Она подумала: «Чтобы все отдавали свой труд одному… целый мир, исключая тех, кто неспособен…».

Джубилит посмотрела на его мощные плечи, волевой перекошенный рот и коснулась синяков, оставленных его рукой, и забрезжившее было понимание, к которому она так стремилась, рассеялось окончательно.

— Твоя башня… — сухо напомнила она. — Ты бы лучше вернулся к ней.

— Стройка не останавливается, — едко улыбнулся он, — и неважно, присутствую я там или не присутствую. Главное, чтобы они не догадывались о моих планах. Да, они боятся… да, они… но хватит об этом. Пора возвращаться.

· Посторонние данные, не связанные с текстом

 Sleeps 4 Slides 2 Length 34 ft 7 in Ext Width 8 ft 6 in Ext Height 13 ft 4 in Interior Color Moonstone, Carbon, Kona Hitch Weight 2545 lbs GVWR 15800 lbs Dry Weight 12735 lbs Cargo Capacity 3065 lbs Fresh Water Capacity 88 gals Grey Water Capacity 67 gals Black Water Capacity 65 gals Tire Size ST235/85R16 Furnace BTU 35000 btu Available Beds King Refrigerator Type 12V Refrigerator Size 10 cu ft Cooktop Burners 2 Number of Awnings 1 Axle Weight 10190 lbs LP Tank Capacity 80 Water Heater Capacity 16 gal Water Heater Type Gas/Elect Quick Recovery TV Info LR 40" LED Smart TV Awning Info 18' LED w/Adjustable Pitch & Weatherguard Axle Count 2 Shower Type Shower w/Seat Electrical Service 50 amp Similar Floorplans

Резко поднявшись, он щелкнул кнопкой своего фонарика, и тот вспыхнул голубоватым пламенем, затем желтоватым и погас.

— Свет… — начал было Оссер.

— Не волнуйся, — успокоила она его. — Мой в порядке.

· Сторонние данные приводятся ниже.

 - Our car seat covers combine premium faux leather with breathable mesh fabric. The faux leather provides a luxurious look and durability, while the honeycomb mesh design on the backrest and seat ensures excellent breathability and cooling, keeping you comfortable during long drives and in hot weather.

— Когда они вот так горят, того и гляди откажут, — забеспокоился он. Идем! Нам надо торопиться. Здесь полно коридоров и разных переходов, и можно в потемках плутать днями.

Девушка бросила беспокойный взгляд на наползавшие тени и предложила:

— А если его исправить?

Оссер взглянул на ставший бесполезным предмет и безразлично произнес:

— Ну что же, попробуй, — и бросил ей фонарик. Она поймала его на лету, положила тот, что был в ее руках, на пол, а севший (перегоревший) фонарик, закрыв глаза, принялась ощупывать в мерцающем желтом сиянии своими сверхчувствительными пальцами, как бы медленно стараясь вникнуть в его конструкцию. Через минуту она взяла его обеими руками и повернула в противоположные стороны. Раздался слабый щелчок, и внешняя оболочка цилиндра отделилась. Взяв одну половинку, которая оказалась полой, Джубилит увидела, что располагается за линзами. Затем она осторожно прикоснулась к стеклам, стараясь не задеть хрупкие детали, снова закрыла глаза, ненадолго задумалась и еще раз осмотрела внутренности фонарика. Удовлетворенно кивнул головой, она достала из волос шпильку и отделила медный зажим, отогнула и отломала узкую пластинку, после чего осторожно вставила ее на прежнее место. Так же осторожно Джубилит развела в разные стороны два проводка, опустила их еще ниже, подцепила шпилькой крохотный белый шарик и выбросила его, вздохнув:

— Бедняжка!

— Что за бедняжка?

— Это было паучье яичко, — огорчилась она. — Пауки сражаются не на жизнь, а на смерть, лишь бы спасти их, а этому не суждено было даже вылупиться. Он сгорел.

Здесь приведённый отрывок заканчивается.